Less common but far worse injuries include those to the head and elbows, Fisher said.
“If your feet shoot forward, your head could snap back,” he said. “Also when you fall that way, your elbows tend to absorb an awful lot of momentum.
“Based on my experience, most of the serious injuries are in the elbow. People don’t like wearing elbow pads but I think it’s more important.”
Padding helps but education is key, said Toronto public health nurse Rebecca Lewis.
Her organization is promoting four steps parents can follow: learning how injuries occur, making environments safe, supervising kids’ activity and creating family safety rules.
“(The steps) are for parents to know the age and state of their child, of what their kid can do and to anticipate injuries,” she said. “You could go skating with your kid and use that as quality time as well.”
Parents also need to avoid a laissez-faire attitude when it comes to safety, Lewis added.
“Depending where the parents are at as far as attitudes will count in a way on injuries,” she said.
Lessons go a long way, too.
Fisher has kids and parents sit in a circle and compare blading with ice-skating in his beginner courses.
“There’s wind, stone, hills, and they start to discover it’s not exactly the same,” he said. “There are all these things that aren’t in a hockey rink.”
With an emphasis on safety, having fun can often be forgotten.
“Kids are amazingly resilient,” Fisher said.
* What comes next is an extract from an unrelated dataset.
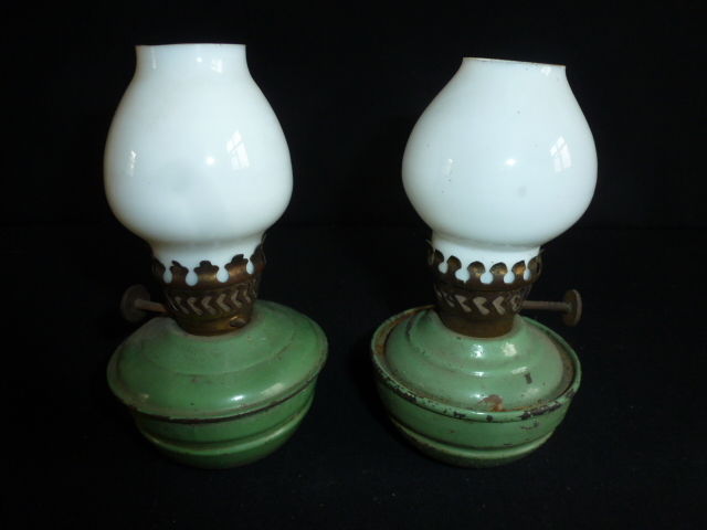 Title (ebay affiliate link): Pair Of Old Miniature Metal Weighted Base Vintage Oil Lamps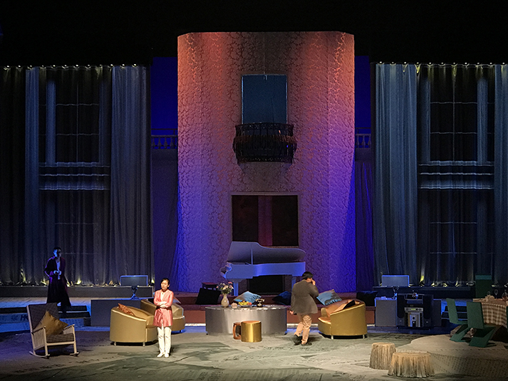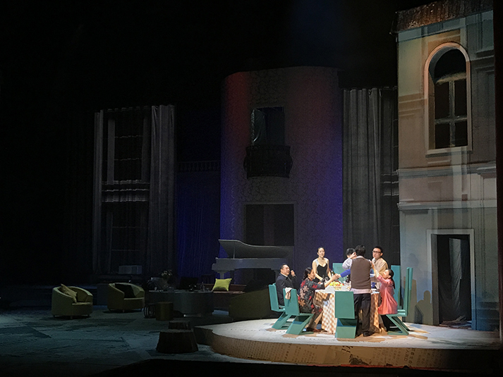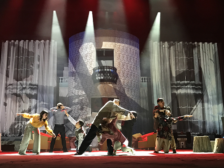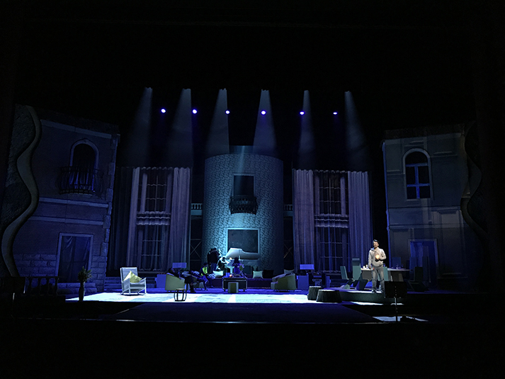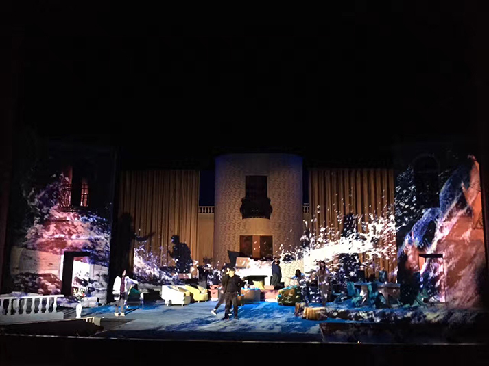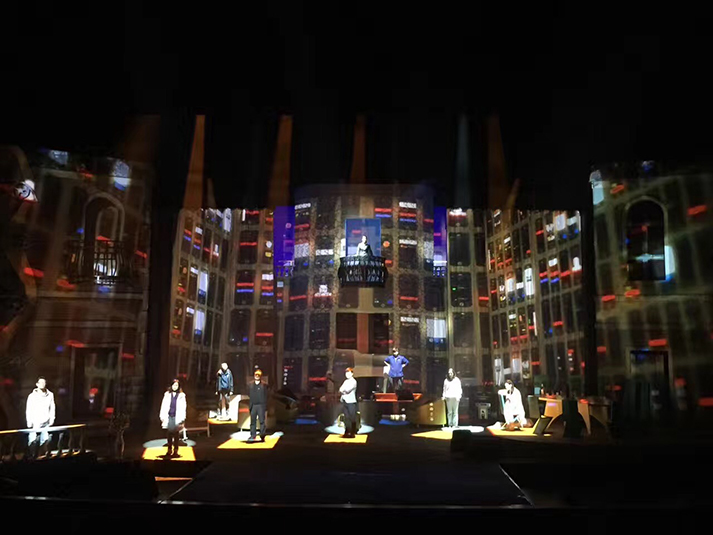 該劇有對人物靈魂的拷問、對人性的追問,也有對生命意義的表達,在雄渾凝重的燈光設(shè)計風(fēng)格上,著重呈現(xiàn)劇目的人物塑造。該劇中,LED切割燈GL-6和LED圖案燈GL-5,承擔(dān)了劇目面光和舞臺特效的作用,憑借高亮度、均勻的光斑、全面的功能和穩(wěn)定的運轉(zhuǎn),成功為該劇護航。尤其是LED燈具在調(diào)光、頻閃上更加細(xì)膩線性的表現(xiàn),有助于劇情傳達更加微妙細(xì)致的情感。另外,天幕燈C5的八色混色,讓色域?qū)拸V、換色細(xì)膩,投光式渲染法使得效果均勻自然、一致性高,渲染劇場氣氛。

They can be just horrible the first day, they can just be spaghetti, they can’t stand up at all.
“And then within a week or two they are just flying along.”
With safety taken care of, Fisher said there’s one last item parents need to be aware of right from the onset: buying quality in-line skates.
He admitted parents have issues with dropping $100 or more for blades, but in the long run, if they go to a sports store over a department store, quality will be evident.
“They can buy (kids’ skates) so they’re extendable, so even if they’re going to spend $130 or whatever, it might last for a couple of seasons,” Fisher said. “But if they get a $39 pair at Canadian Tire, they won’t work at all, they don’t roll.
“The kid will develop terrible habits.”